## Data block

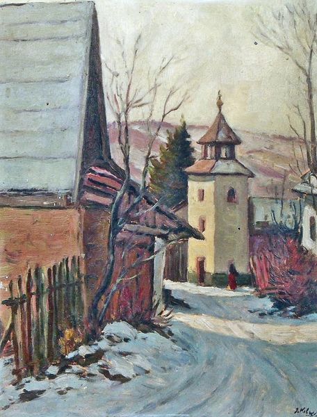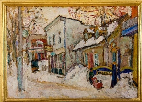 Curator: What a disquieting scene! I immediately feel this somberness through the muted colors. Everything feels very transient. Editor: Yes, there is an undeniable moodiness to it, a kind of industrial melancholy. We're looking at "A Street in the Bronx," an oil painting by Abraham Manievich, known for his impressionistic style, and seemingly done en plein-air. It is, in effect, a landscape. Curator: Interesting that you use the word landscape, because what jumps out at me are these leafless trees. They strike me as symbolic, a representation of seasonal loss and the stillness of winter or perhaps an autumn wasteland in a bustling borough. It recalls earlier landscape painters working to depict the cycle of nature. Editor: Perhaps, but I’m drawn more to what’s human-made, which speaks more about our society: the buildings, the trolley. These elements speak volumes about urbanization and the lived experience in a rapidly evolving city. I find myself wondering who lived in those buildings, rode that trolley? What were their stories? Were they as transient as these starkly depicted trees? Curator: See, I am fascinated by those skeletal branches! The bare tree as an image is incredibly powerful. They reach upward, yes, toward the sky, toward heaven even, but also function as conduits or connectors between the terrestrial world and a celestial sphere, hinting at something larger than the urban landscape. This streetscape seems more to evoke introspection, the way Caspar David Friedrich might use nature to create sublime metaphors of human existence. Editor: But Manievich positions this street scene in The Bronx. What about the narratives inherent to this particular place? This borough’s history with immigration, socioeconomic stratification, public transportation struggles. The trolley in particular— what kind of access did it provide to whom, and who did it leave behind? We can’t just bypass social and political history when the landscape includes such loaded iconography. Curator: You offer an important and vital way to view the painting in its cultural context! Still, I keep going back to the basic human longing it presents – for connection to something spiritual. I keep considering the deeper meaning these elements carry through time and collective consciousness. Editor: I see what you mean. And considering The Bronx specifically, a space where the tension between urban decay and communal hope plays out, the image resonates with layered and symbolic complexities that prompt a variety of readings.
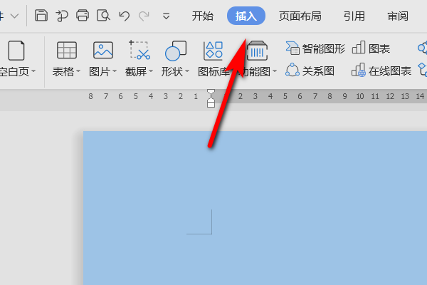 2、进入文档后,在文档的工具栏上面可以看到有个插入选项,点击它。
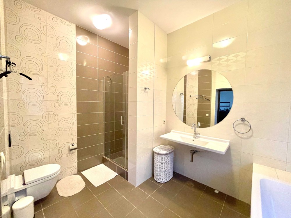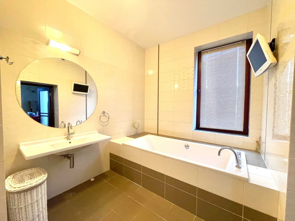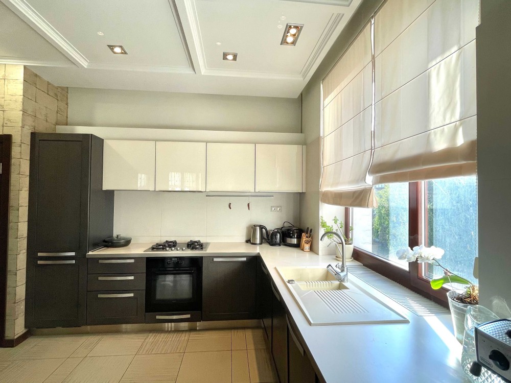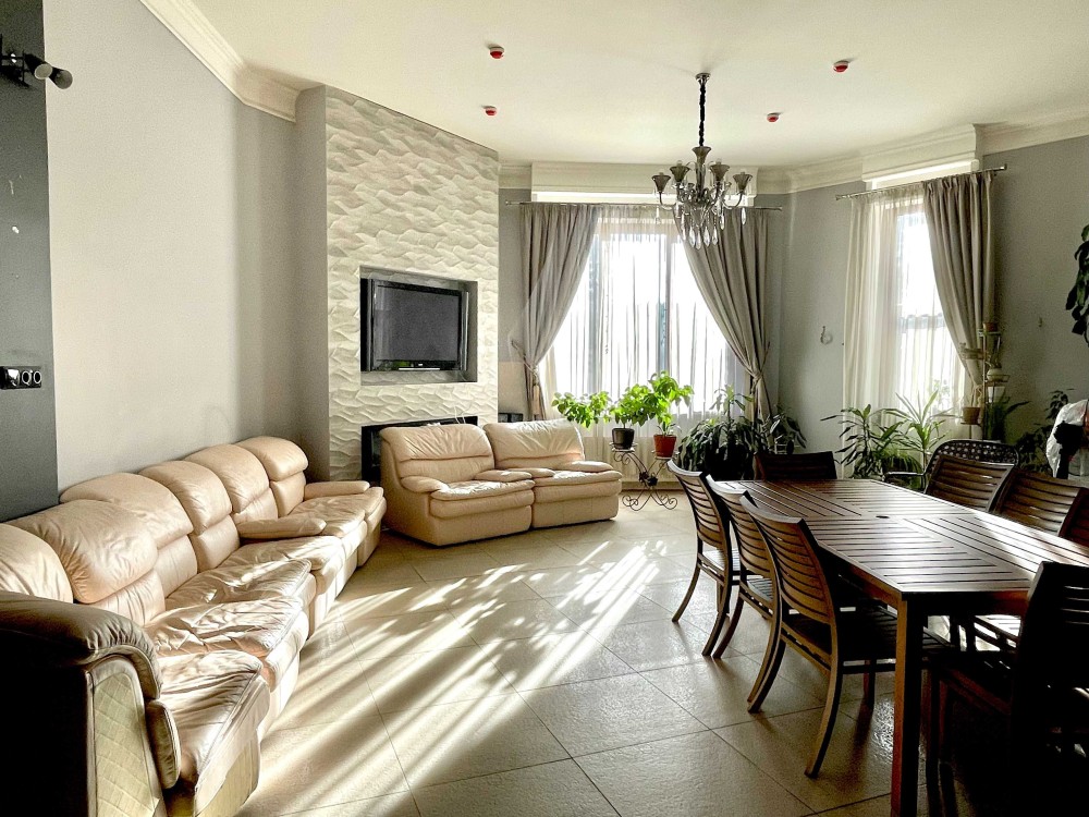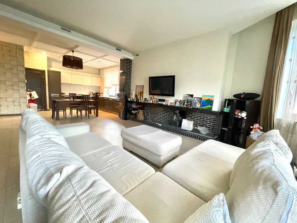 Велика кухня-студія з каміном. Дві спальні. Велика гардеробна кімната. Тепла підлога. Три санвузли. Два балкони. Якісна фільтрація води, фільтри грубої і тонкої очистки, вугільні фільтри і пом'якшувачі води. Центральне кондиціювання Daikin. Автономне опалення.

## Exercise prompt
Line by line, output the material above exactly, passing over the pictures.

## Answer space
 Curator: What a disquieting scene! I immediately feel this somberness through the muted colors. Everything feels very transient. Editor: Yes, there is an undeniable moodiness to it, a kind of industrial melancholy. We're looking at "A Street in the Bronx," an oil painting by Abraham Manievich, known for his impressionistic style, and seemingly done en plein-air. It is, in effect, a landscape. Curator: Interesting that you use the word landscape, because what jumps out at me are these leafless trees. They strike me as symbolic, a representation of seasonal loss and the stillness of winter or perhaps an autumn wasteland in a bustling borough. It recalls earlier landscape painters working to depict the cycle of nature. Editor: Perhaps, but I’m drawn more to what’s human-made, which speaks more about our society: the buildings, the trolley. These elements speak volumes about urbanization and the lived experience in a rapidly evolving city. I find myself wondering who lived in those buildings, rode that trolley? What were their stories? Were they as transient as these starkly depicted trees? Curator: See, I am fascinated by those skeletal branches! The bare tree as an image is incredibly powerful. They reach upward, yes, toward the sky, toward heaven even, but also function as conduits or connectors between the terrestrial world and a celestial sphere, hinting at something larger than the urban landscape. This streetscape seems more to evoke introspection, the way Caspar David Friedrich might use nature to create sublime metaphors of human existence. Editor: But Manievich positions this street scene in The Bronx. What about the narratives inherent to this particular place? This borough’s history with immigration, socioeconomic stratification, public transportation struggles. The trolley in particular— what kind of access did it provide to whom, and who did it leave behind? We can’t just bypass social and political history when the landscape includes such loaded iconography. Curator: You offer an important and vital way to view the painting in its cultural context! Still, I keep going back to the basic human longing it presents – for connection to something spiritual. I keep considering the deeper meaning these elements carry through time and collective consciousness. Editor: I see what you mean. And considering The Bronx specifically, a space where the tension between urban decay and communal hope plays out, the image resonates with layered and symbolic complexities that prompt a variety of readings.
 2、进入文档后,在文档的工具栏上面可以看到有个插入选项,点击它。
 Велика кухня-студія з каміном. Дві спальні. Велика гардеробна кімната. Тепла підлога. Три санвузли. Два балкони. Якісна фільтрація води, фільтри грубої і тонкої очистки, вугільні фільтри і пом'якшувачі води. Центральне кондиціювання Daikin. Автономне опалення.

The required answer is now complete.